Joan Crawford, unvarnished: Christina Crawford talks about TCM’s new documentary on Joan Crawford, which doesn’t sidestep the diva’s dark side – television – Brief Article

Christian McLaughlin

When the new special Joan Crawford: The Ultimate Movie Star premieres on Turner Classic Movies on August 1, Joan’s daughter Christina Crawford won’t be watching. “I don’t have cable,” admits the author of 1997’s Mommie Dearest: Twentieth Anniversary Edition. But Christina did travel to Los Angeles from her home in northern Idaho to be interviewed on-camera for the documentary by producer-director Peter Fitzgerald. “I rarely get asked to participate in these things,” she comments wryly, referring to cable networks’ penchant for whitewashed puff pieces with titles containing phrases like “ultimate movie star.”

Not to worry. The fascinating Joan Crawford is a lot more E! True Hollywood Story than Lifetime Intimate Portrait. Thoroughly researched and packed with family photos, obscure stills, and film clips–and even a hilariously creepy public service announcement for Joan’s favorite charity, the Jimmy Fund–the special exhaustively covers Crawford’s life. Joan Crawford tracks the onetime Lucille LeSueur from dust-bowl hoofer to wildly ambitious contract player to major movie goddess to fallen star triumphantly reinventing herself as the alcoholic nightmare so familiar to fans the film Mommie Dearest, the Showgirls of ’80s.

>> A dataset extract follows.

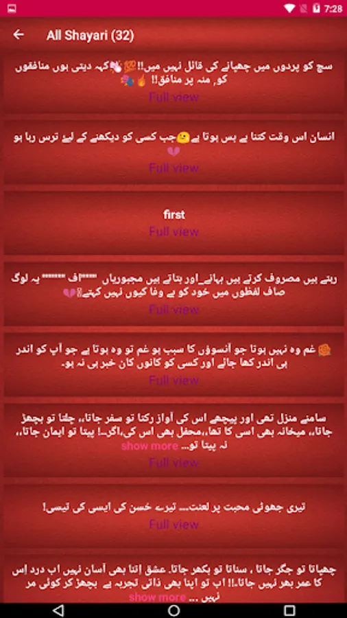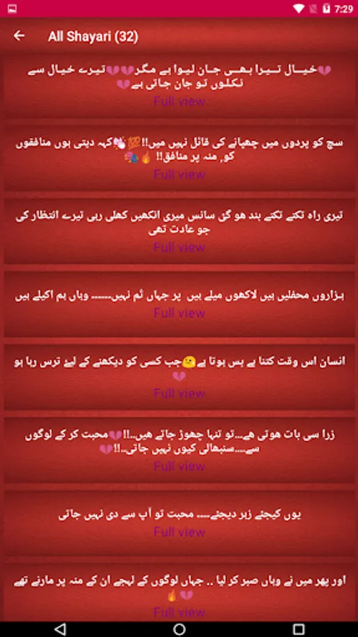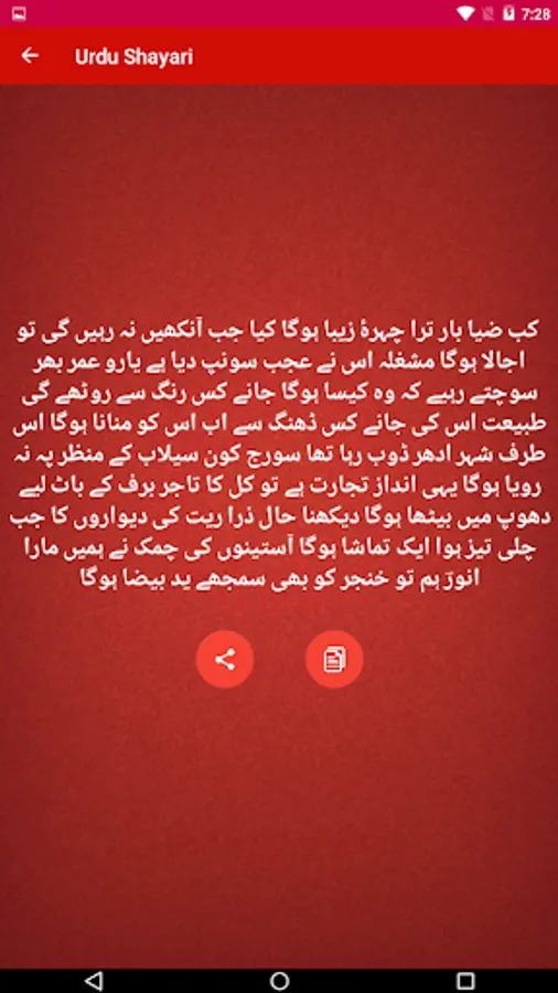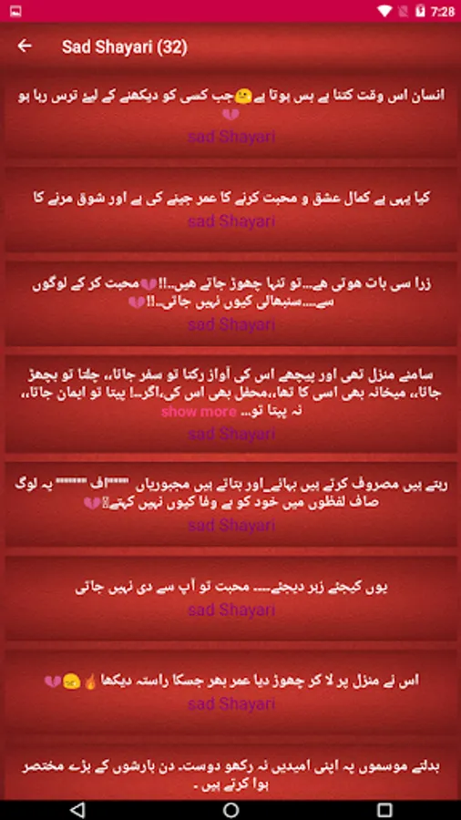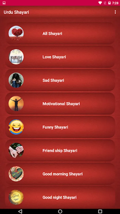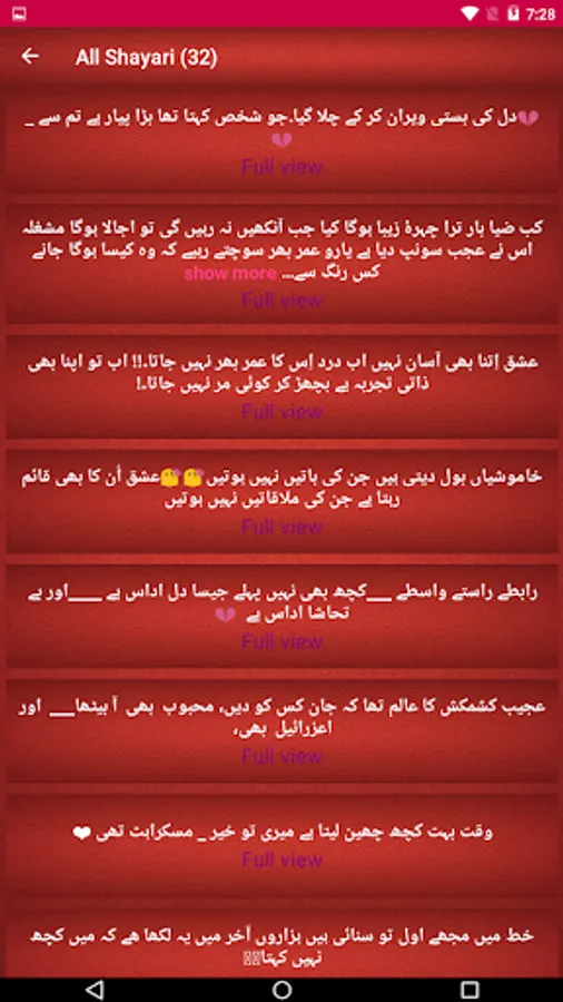 This Application Have Many Urdu Shayari You Can Share Copy You Can Easily Find & Read Your Favorite Type Of Urdu Poetry Here. You Can Easily Choose Which Category Of Urdu Poetry Or Urdu Status You Want To Read

A multifaceted perspective on Joan’s career and personal life is provided by an inspired assortment of interviews, including playright and rabid Crawford fan Charles Busch, director and former lover Vincent Sherman (who admits to giving Joan a well-deserved slap in the face), costars Betsy Palmer and Diane Baker, and Christina herself, who reveals the origin of Joan’s most notorious pet peeve: When Joan was a child, her impoverished mother was forced to take a job at a laundry, where the family lived in a cramped back room full of–yes!–wire hangers!

The special doesn’t shy away from Joan’s downward spiral (a.k.a. The Trog Years), which reached its surreally ludicrous nadir when Joan stepped in to replace her very ill daughter on the daytime drama The Secret Storm. From her hospital bed, for “three terrible days,” Christina watched a drunken Joan bludgeon her way through live soap opera episodes. The documentary isn’t fully able to explain exactly how 60-something Joan managed to convince Secret Storm producers to allow her to fill in for a 25-ish ingenue, but Christina says her mother was driven by extreme jealousy: “[Joan] was a recluse. She sat in her New York apartment and watched me on the soap. She wanted to recapture her youth.” Viewers interested in recapturing this bit of camp history are out of luck–tragically, those kinescopes are not included in the documentary and may have been permanently erased by CBS years ago. If that’s the case, somebody there deserves to be beaten with a can of Old Dutch Cleanser.

McLaughlin is the creator of the MTV soap Spyder Games.